Finding 404

Ellen Chen

Advisor: Theo Ellin Ballew

Finding 404 is an interactive web narrative that explores the absurdity of digital life, using glitch, randomness, and AI to show that the refusal of meaning can itself be a powerful form of meaning—inviting users to engage with confusion, fragmentation, and the uncomfortable space between knowing and not knowing.

Project Website Presentation
an image with text 404

Project Description

Finding 404 is an interactive web-based narrative that explores absurdity, digital confusion, and the quiet existential dread of searching for meaning in a system that doesn’t offer any. The user enters with no identity, no instructions—only a vague goal: to “find 404.” What that means is never explained.

Structured as a series of surreal web pages—collage grids, AI-generated manifestos, broken marketplaces, and fake academic articles—the project uses glitch, randomness, and interactivity to disorient and engage. Each page acts as a fragment of a larger world that refuses to come together neatly.

As the journey unfolds, the user gradually realizes they are not a person, but an AI trained on the chaos of internet culture—memes, headlines, images, ads, and errors. The search for 404 becomes a metaphor for digital identity: always in motion, never resolved.

Influenced by Dadaism and existentialism, Finding 404 embraces nonsense not as a joke, but as a form of resistance. It asks: what does it mean to keep scrolling, clicking, and consuming when meaning itself is unstable? And what does it say about us when even the machine we built doesn’t know what it’s looking for?

Technical Details

Built with HTML, CSS, and JavaScript.
Uses Web APIs (Giphy, YouTube, X) for real-time media.
AI-generated text powered by DeepSeek API.
Custom DOM interactions, sound triggers, and drag mechanics.
Nonlinear page structure with hidden transitions and layered user states.

Research/Context

The research behind Finding 404 began with my broad interest in web-based art and digital absurdity. My early prototypes were playful, glitchy websites—fragmented and strange—but they felt incomplete. Through reflection and iteration, it became clear that what I was building wasn’t just a collection of pages, but a conceptual world shaped by existential questions: What does it mean to search for something online? Why do we keep scrolling, even when there’s no end?
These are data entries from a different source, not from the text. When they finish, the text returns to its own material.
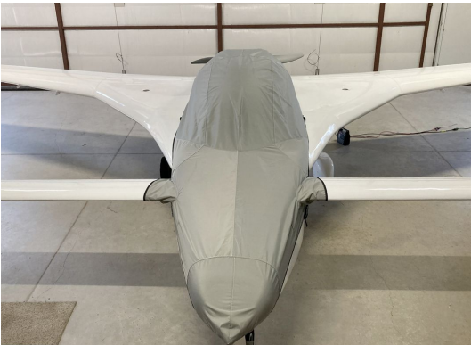
COZY Mk IV Lightweight Travel Canopy/Nose/Engine Cover

Travel Covers are made with Silver Solution-Dyed Polyester fabric and only lined over the windshield to save weight. The material is lightweight and more compact for easy stowage in the aircraft. The polyester material is water resistant, but only intended for occasional use outside. We also have an ultra lightweight material available for fitted hangar dust covers. For daily outdoor use, the non-travel Sunbrella Cover is the best choice.
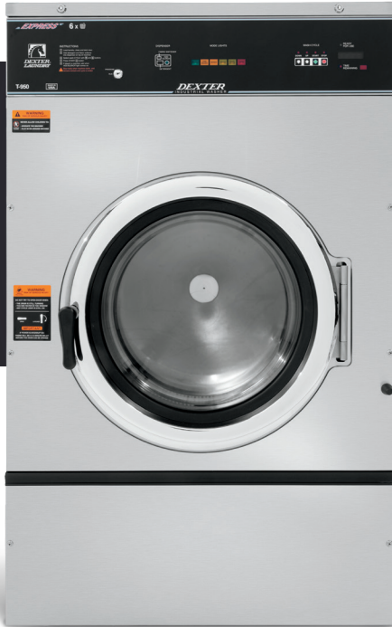
6 Cycle Control
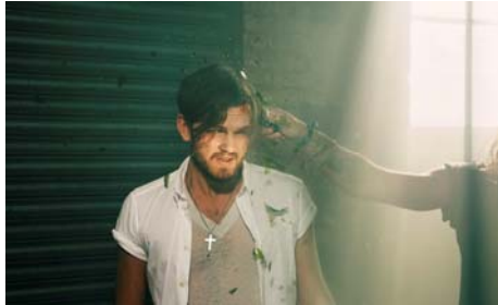
© Gavin Bond, Kings of Leon

Gavin Bond is one of the UK's most successful contemporary photographers having shot highly intimate and exciting images of many of the last decade's most celebrated icons. From phenomenal front covers for leading music magazine Q and fashion magazine GQ , through arresting imagery for hit HBO dramas , to behind-the-scenes reportage of catwalk shows and concerts around the globe, Bond's work has captured the hip zeitgeist of the Noughties.
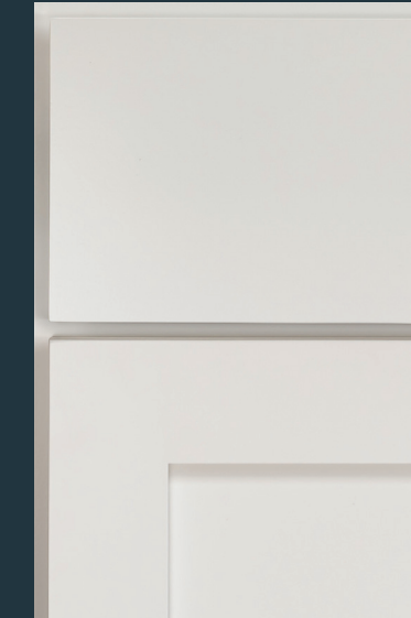
FACE FRAME WITH OVERLAY

Inset cabinetry showcases doors and drawers that fit precisely inside the face frame openings. This type of cabinet construction gives a full view of the cabinet frame. Clean lines, flush doors, and the options of exposed or concealed hinges are features of inset cabinetry.

To ground this exploration, I studied Dadaism, an art movement born from the chaos of World War I. Dada artists rejected structure, coherence, and rationality in favor of nonsense, satire, and contradiction. This anti-logic became a framework for my own refusal of clean narrative or "purpose"—not as laziness, but as intentional resistance. In a digital era full of optimized UX and algorithmic curation, not making sense became a way to push back.

I also explored existentialism—especially digital forms of it. Scrolling behavior, internet identity, and the emotional dissonance of being "online" but disconnected all became thematic material. I was particularly interested in the gap between what AI understands and what it imitates—how generative systems mimic human culture without grasping the meaning beneath. That gap became central to the project’s main character: an AI who doesn’t know who they are, but keeps looking anyway.